И пропасть эта, чем более в нее вглядываешься, тем больше расширяется. Не равнодушно ли к Пушкину и русское общество, вся масса русских читателей? Знает ли она его?
При всем уважении к этому имени, при всей славе его, никем уже больше не оспариваемой, — вокруг него только тесное, узкое кольцо поклонников. Одни из них спорят о каждой запятой в его рукописях, о часах, когда он обедал или ложился спать, — и никак не могут сговориться. Другие любят Пушкина свободнее и проще. А за этим тесным и не очень многочисленным кругом идет бессчетная толпа «средних читателей», учивших Пушкина в школе, видевших «Онегина» в опере и никогда более не раскрывших его книг, не помнящих подряд даже трех его строчек.

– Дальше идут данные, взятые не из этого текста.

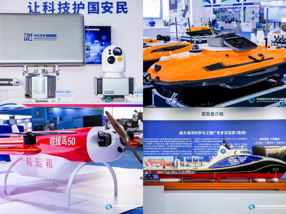 同时,在本届海洋科技展上,众多珠海制造的海洋装备纷纷亮相,吸引众多观众驻足观看,充分展现了“珠海智造”的实力与魅力。其中,南方海洋科学与工程广东省实验室(珠海)携新型深海养殖平台“珠海琴”、底式桁架平台、组合式桁架平台等展品参展,同时还开放“珠海云”号智能型无人系统科考母船与珠海海洋科普中心,供广大参展商与专业观众参观;珠海市海洋集团展示了智能养殖平台,实现养殖过程数字化管理;珠海低空投展示了低空立体交通管理与服务系统、空天地一体化低空数智巡检系统、城市低空应用创新场景等,为城市低空飞行活动的有序进行及城市智慧化、精细化管理提供了强有力支撑。珠海中科慧智科技重点展示了一系列低空保障系统、水预警探测系统、重要区域安防系统、无人机防御系统及机场飞行安全保障系统;珠海小鲸大合科技带来了系列化智能电动游船模型,致力于推动船舶的电动化、智能化和标准化。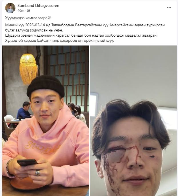 Миний хүү 2026 оны 2-р сарын 14-нд “Таванбогд”-ын Баатарсайханы хүү Амарсайханы өдөөн турхирсан бүлэг залууст зодуулсан нь үнэн. Шударга хэвлэл мэдээллийн хэрэгсэл байдаг бол надтай холбогдож, мэдээлэл аваарай. Хүлээцтэй хараад байсан чинь хохироод өнгөрөх янзтай шүү.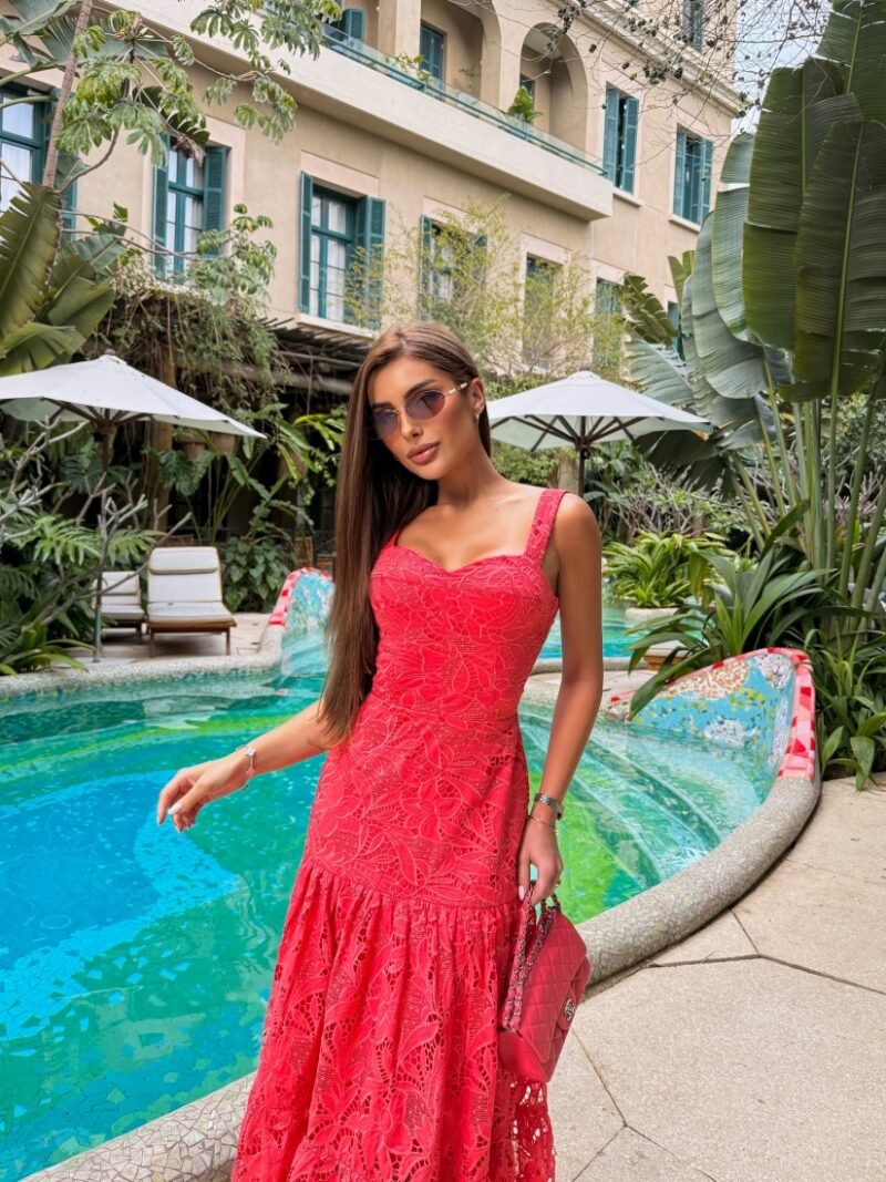 VESTIDO MIDI RENDA BRIDGET VERMELHO
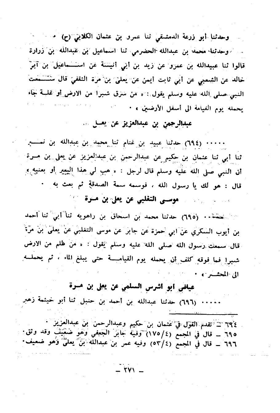 695 - حَدَّثَنَا مُحَمَّدُ بْنُ إِسْحَاقَ بْنِ رَاهَوَيْهِ، ثنا أَبِي، ثنا أَحْمَدُ بْنُ أَيُّوبَ السُّكَّرِيُّ، عَنْ أَبِي حَمْزَةَ، عَنْ جَابِرٍ، عَنْ مُوسَى التَّغْلِبِيِّ، عَنْ يَعْلَى بْنِ مُرَّةَ، قَالَ: سَمِعْتُ رَسُولَ اللهِ صَلَّى اللهُ عَلَيْهِ وَسَلَّمَ، يَقُولُ: «§مَنْ ظَلَمَ مِنَ الْأَرْضِ شِبْرًا، فَمَا فَوْقَهُ كُلِّفَ أَنْ يَحْمِلَهُ يَوْمَ الْقِيَامَةِ، حَتَّى يَبْلُغَ الْمَاءَ، ثُمَّ يَحْمِلُهُ إِلَى الْمَحْشَرِ»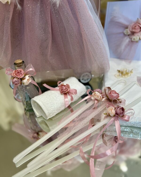Ολοκληρωμένο πακέτο βάπτισης με λουλούδια. Το πακέτο περιλαμβάνει τροχήλατη βαλίτσα, λαδόπανα, 3 κεράκια κολυμπήθρας, σαπουνάκι, μπουκαλάκι λαδιού, 50 μαρτυρικά και βιβλίο ευχών. Επίσης περιέχει το ρούχο και παπούτσι της επιλογησ σας .
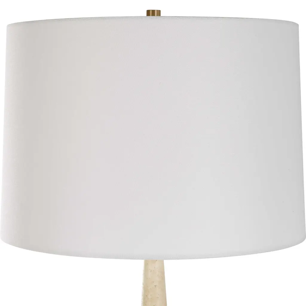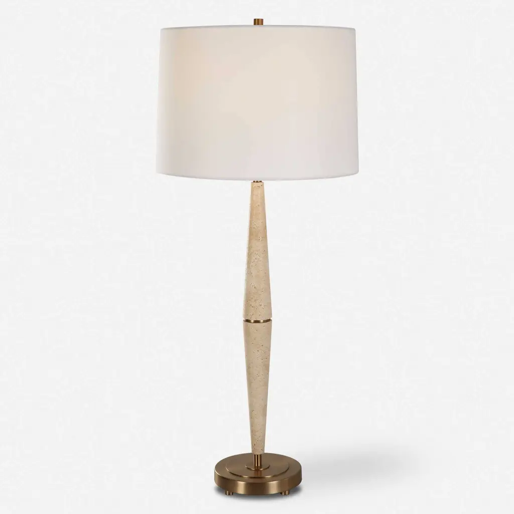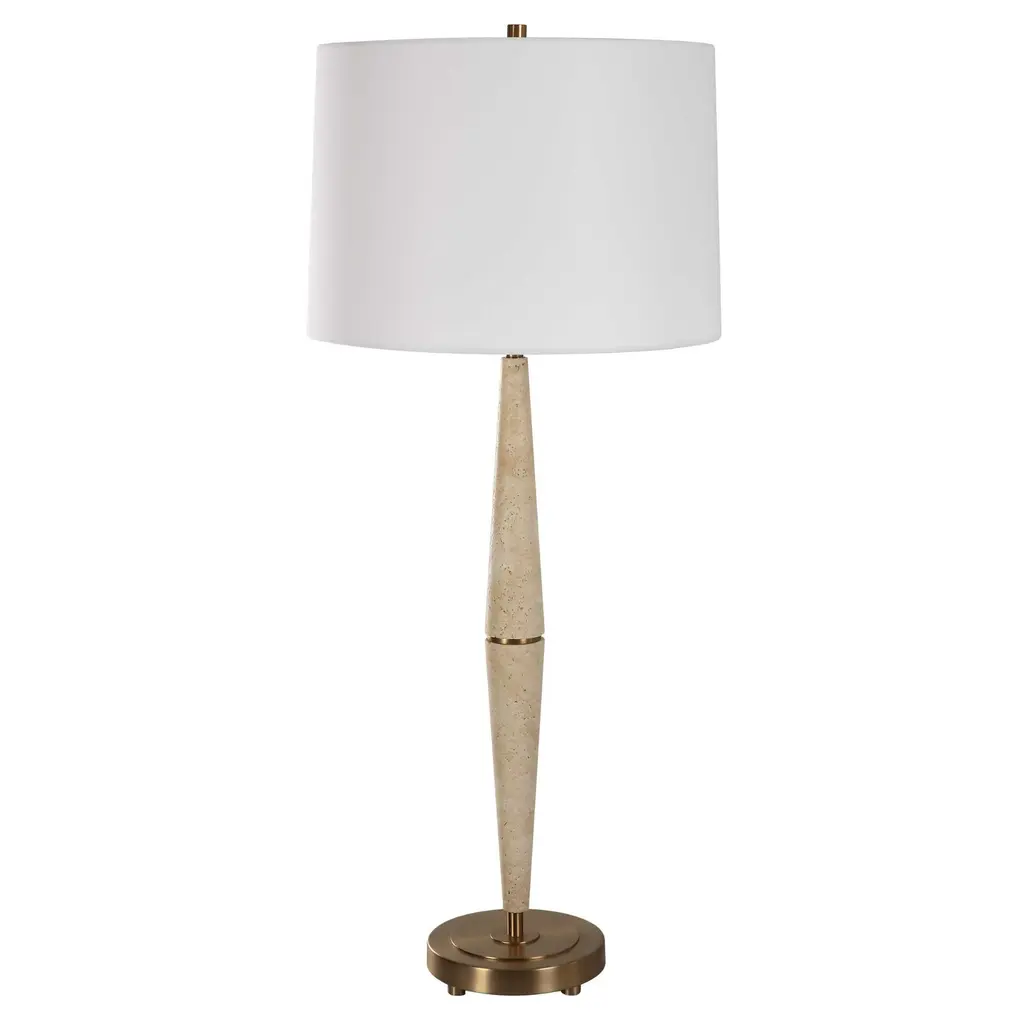 Elevate your decor with our unique table lamp, a harmonious blend of modern silhouette and textures. Two cone-shaped travertine are gracefully separated by iron details, finished in plated brushed brass. The slightly tapered round hardback shade, adorned with white linen fabric, adds a touch of simplicity and sophistication, making it a versatile statement piece that seamlessly combines elegance with contemporary style. Product Features: Beige table lamp with white shade Lamp features a two cone shaped design Accented with plated brushed brass base Tapered round shade Is covered in a fabric Lamp uses (1) 150-watt E26 bulb - not included Socket type: 3-way Switch type: socket switch UL listed for indoor use only Dimensions: Overall height: 37.5" high Base diameter: 7" diameter Shade top dimensions: 11" high x 15" diameter Shade bottom dimensions: 11" high x 16" diameter Material(s): iron/travertine/linen fabric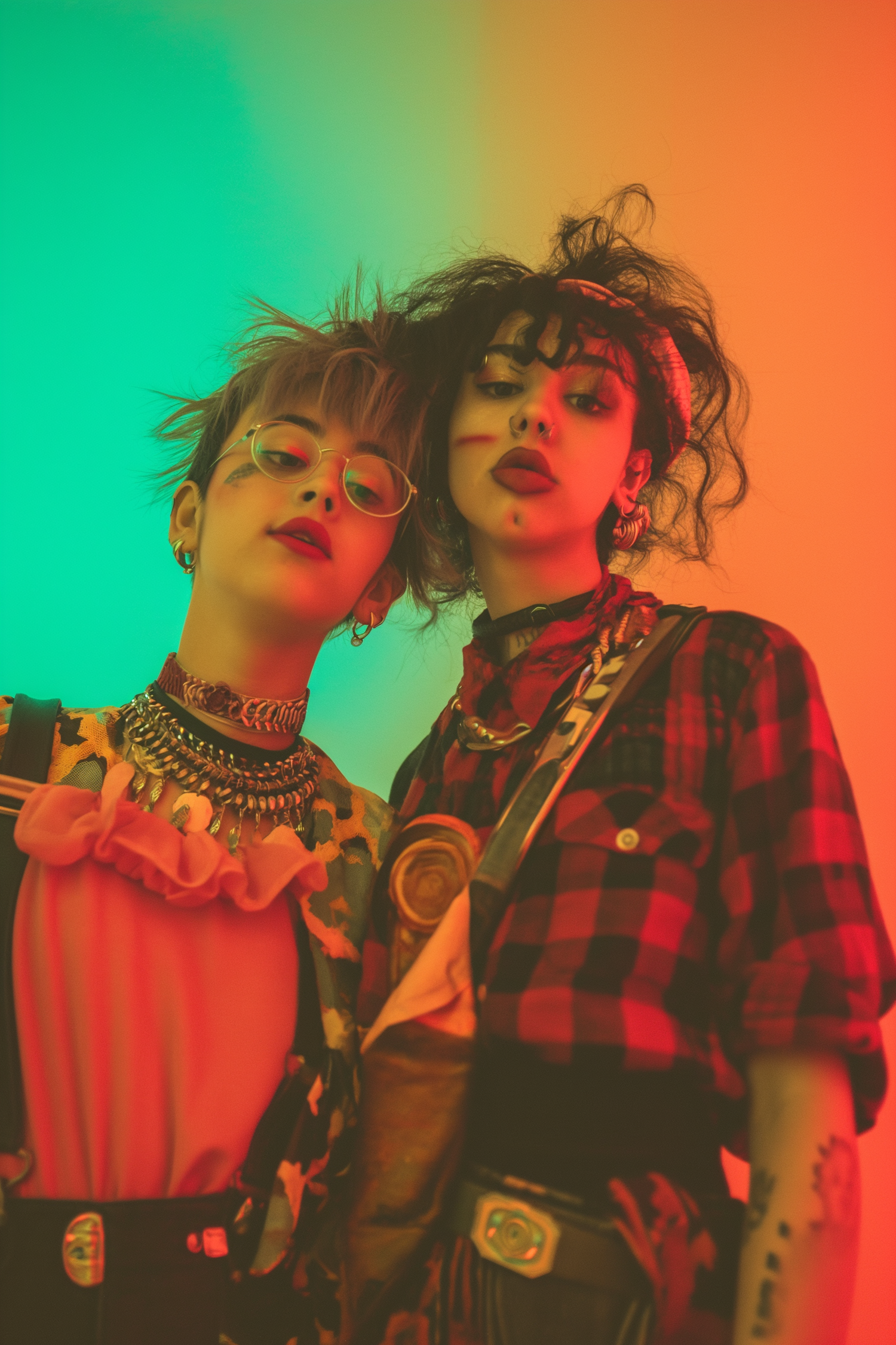 Two stylish individuals with bold makeup and eclectic outfits pose against a vibrant green and orange background.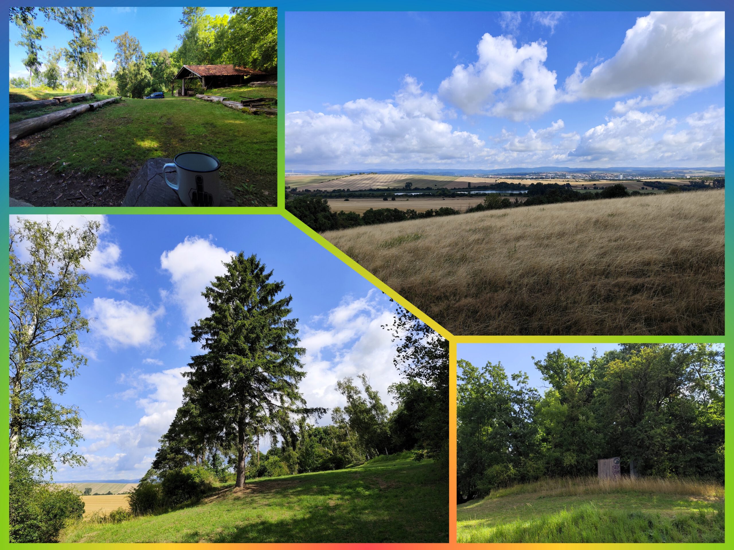 Wir verlassen NRW, erreichen über die Weser dann Niedersachsen. Wie ulkig, hier gibt es den Köterberg – der Köterberg liegt 500m üNN und ist somit der “Brocken” im Weserbergland. Die Rast erfolgt in Rhumspringe an einer der größten Quellen Europas – die Rhumequelle mit ihrer wunderschönen intensiven blaugrünen Farbe. Wir kühlen unsere Getränke dort, bevor wir weiterfahren und Thüringen erreichen. Nach Werther führt das Navi uns dummerweise über Feldweg, eine abenteuerliche Buckelpiste. Kurzer steiler Drive-In und Ankunft am Camp „Naturidylle im Südharz“ bei Steinbrücken, Nordhausen Wow! Da sind wir doch alle fassungslos, welch grandioses Plätzchen wir gebucht haben! Riesiges Gelände mit drei offenen Hütten, wenn man diese überhaupt noch so nennen darf, am Waldrand mit Aussicht auf Felder, Birken und Buchen – das ist echte Alleinlage außerhalb. Hier fühlen wir uns abends am Lagerfeuer alle richtig wohl.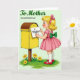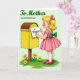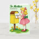 Designed with a nostalgic illustration style, the scene shows a young girl with golden curls and a pink hair bow slipping a small note into a sunny yellow, rounded-top mailbox ❤️. Her rosy cheeks and intent side profile suggest a gentle devotion, like she’s carefully sending love to someone she trusts. She wears a pink dress with puffed sleeves and a green bow tied at the back, along with white socks and shiny red strap shoes. The girl and mailbox sit near the center against a soft light-green background, keeping the focus on their quiet, affectionate moment. At the base of the wooden post, a patch of green grass is dotted with yellow flowers with warm red centers 🌼. Across the upper area, the message “To Mother ON MOTHER’S DAY” appears in green lettering, with “To Mother” leading and “ON MOTHER’S DAY” following beneath it. The mailbox stands bright yellow with a curved lid, set beside the small cluster of flowers and grass.
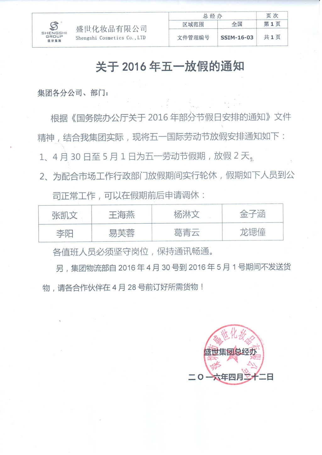關于2016年五一放假的通知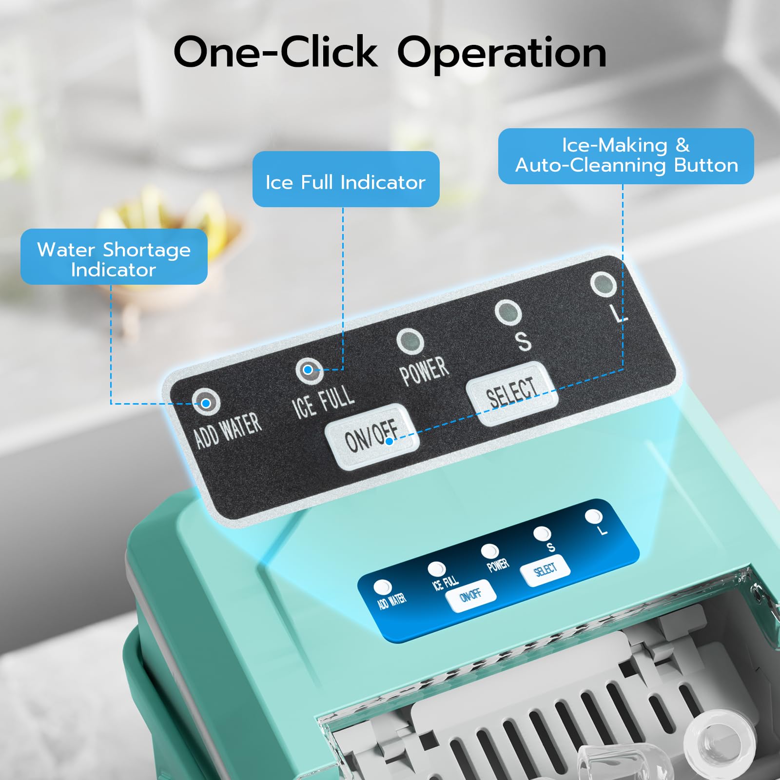 【Effortless Carry & Serve】 – This portable ice maker Designed with two sturdy handles—one on the machine, one on the ice basket—for easy lifting, serving, and moving from kitchen to patio.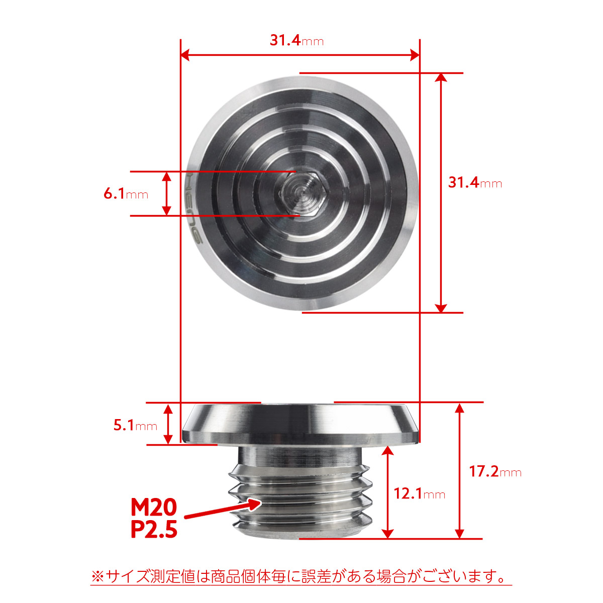 オイルフィラーキャップ M20 P2.5 六角穴 ステンレス製 マットシルバー 汎用 TH0492 【メール便可】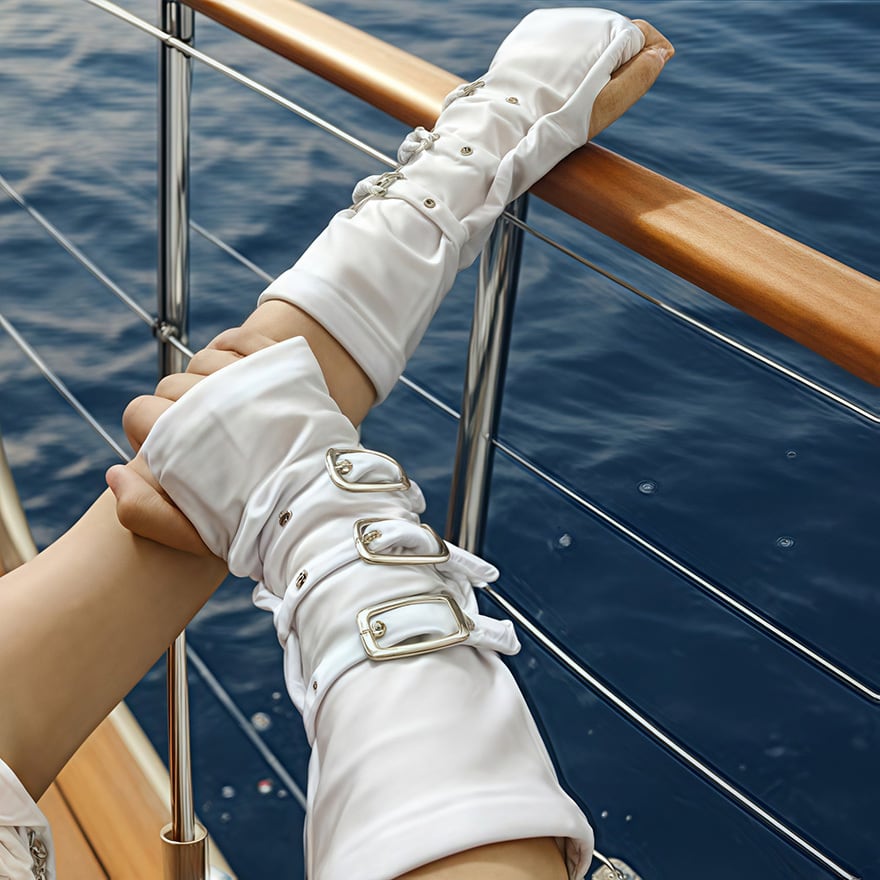・シルエット:手首から前腕を覆うスリムなフィット感

Не будем судить о значении художника на основании количества его почитателей и учеников. Признаем мерилом этого долговечность и силу внушенной им к себе любви. Так, с такой страстью и исключительностью, как Пушкина, не любят из русских писателей больше никого. Большей любви никто и не достоин.
Иногда, читая Пушкина, думаешь, что это лучшее из всего, что было написано людьми. И не так ли это на самом деле? Я вспоминаю появление Татьяны, в конце романа, на петербургском балу, рядом
С блестящей Ниной Воронскою,Сей Клеопатрою Невы…Какое величье! Какая простота и какая грусть! И какая скромность средств, естественная, не почерпнутая!
Но нет искусства более чистого, чем пушкинское, и поэтому менее доступного для «непосвященного народа». Что же в нем популяризировать? В этом искусстве все неразложимо, все необъяснимо. Оно не задевает морали, не взывает к состраданию, не возбуждает жалости. Оно обречено казаться холодным людям, ищущим легких волнений, легких слез или смеха. Но те, кто поняли его, знают, что оно «слаще всех жар сердца утолит».